Assignment: Transcribe the listing that follows in full, exactly, and drop its images.

Given records:
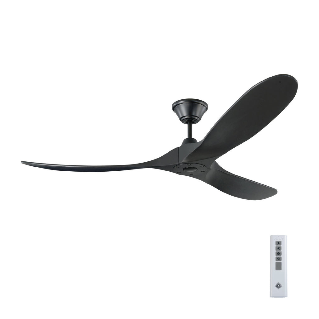The Maverick 60 in Matte Black w Matte Black Blades features an 85.0 X 28.0 6-speed motor with a Thirteen-degree blade pitch. With a sleek modern silhouette, a DC motor, and super energy-efficiency, the 60" Maverick ceiling fan features softly rounded blades and elegantly simple housing. Maverick has a 60-inch blade sweep and a 3-blade design that delivers a distinct profile and incredible airflow for living rooms, great rooms, or outdoor covered areas. It includes a hand-held remote with six speeds. It reverses and is available in six distinct finish options: Brushed Steel housing with Dark Walnut blades, Brushed Steel housing with Koa blades, Matte Black housing with Dark Walnut Blades, Aged Pewter housing with Light Grey Weathered Oak blades, Matte Black housing with Matte Black blades and Matte White housing with Matte White blades. All versions feature beautiful hand-carved balsa wood blades. ENERGY STAR qualified. Maverick fans are damp-rated and may be used indoors and in covered outdoor spaces.
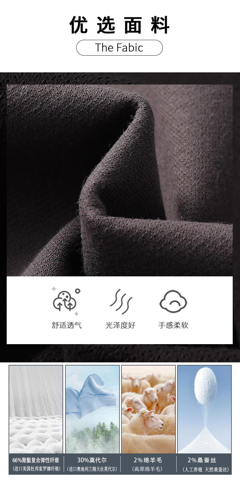 66% polyester 30% modal 2% wool 2% mulberry silk
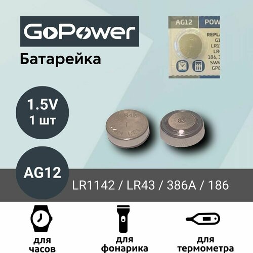 Батарейка GoPower AG12 (LR1142, LR43, 386A, 186) Alkaline 1.55V (1 шт)
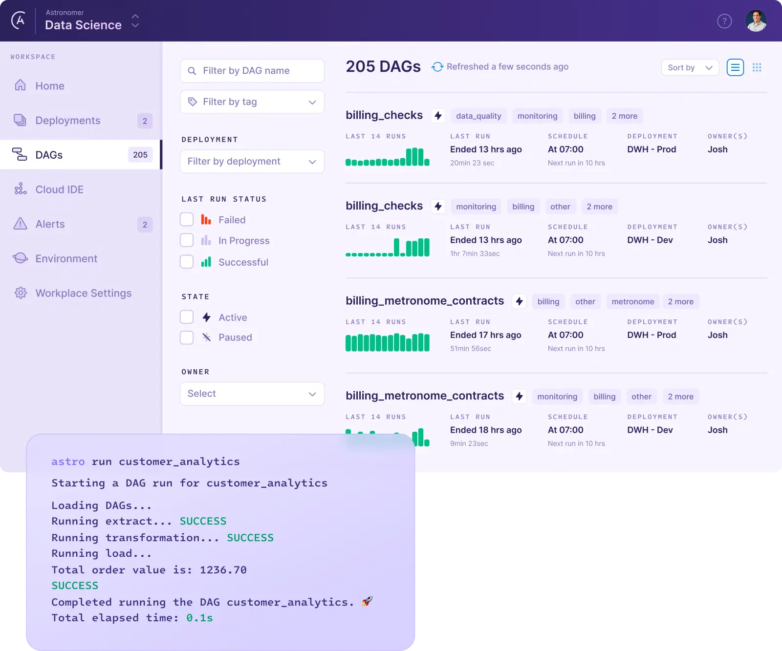 Let Astronomer develop or migrate your workflows to Astro’s ultra-optimized Airflow environment, delivering world-class ETL capabilities with our industry-leading expertise — all at no cost
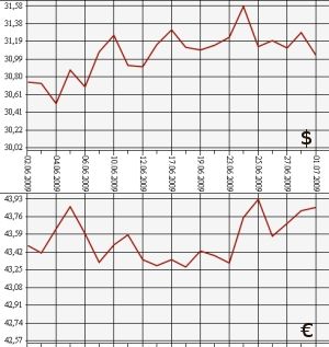 Центробанк на 1 июля понизил официальный курс доллара США более чем на 25 копеек - с 31,2904 рубля до 31,0385 рубля. Официальный курс евро повышен - более чем на 3 копейки (с 43,8191 рубля до 43,8512 рубля). Стоимость бивалютной корзины (0,45 евро и 0,55 доллара) упала более чем на 12 копеек - с 36,9283 рубля до 36,8042 рубля. За месяц доллар вырос на 29 копеек, а евро - более чем на 36 копеек.

Solution for this task:
The Maverick 60 in Matte Black w Matte Black Blades features an 85.0 X 28.0 6-speed motor with a Thirteen-degree blade pitch. With a sleek modern silhouette, a DC motor, and super energy-efficiency, the 60" Maverick ceiling fan features softly rounded blades and elegantly simple housing. Maverick has a 60-inch blade sweep and a 3-blade design that delivers a distinct profile and incredible airflow for living rooms, great rooms, or outdoor covered areas. It includes a hand-held remote with six speeds. It reverses and is available in six distinct finish options: Brushed Steel housing with Dark Walnut blades, Brushed Steel housing with Koa blades, Matte Black housing with Dark Walnut Blades, Aged Pewter housing with Light Grey Weathered Oak blades, Matte Black housing with Matte Black blades and Matte White housing with Matte White blades. All versions feature beautiful hand-carved balsa wood blades. ENERGY STAR qualified. Maverick fans are damp-rated and may be used indoors and in covered outdoor spaces.
 66% polyester 30% modal 2% wool 2% mulberry silk
 Батарейка GoPower AG12 (LR1142, LR43, 386A, 186) Alkaline 1.55V (1 шт)
 Let Astronomer develop or migrate your workflows to Astro’s ultra-optimized Airflow environment, delivering world-class ETL capabilities with our industry-leading expertise — all at no cost
 Центробанк на 1 июля понизил официальный курс доллара США более чем на 25 копеек - с 31,2904 рубля до 31,0385 рубля. Официальный курс евро повышен - более чем на 3 копейки (с 43,8191 рубля до 43,8512 рубля). Стоимость бивалютной корзины (0,45 евро и 0,55 доллара) упала более чем на 12 копеек - с 36,9283 рубля до 36,8042 рубля. За месяц доллар вырос на 29 копеек, а евро - более чем на 36 копеек.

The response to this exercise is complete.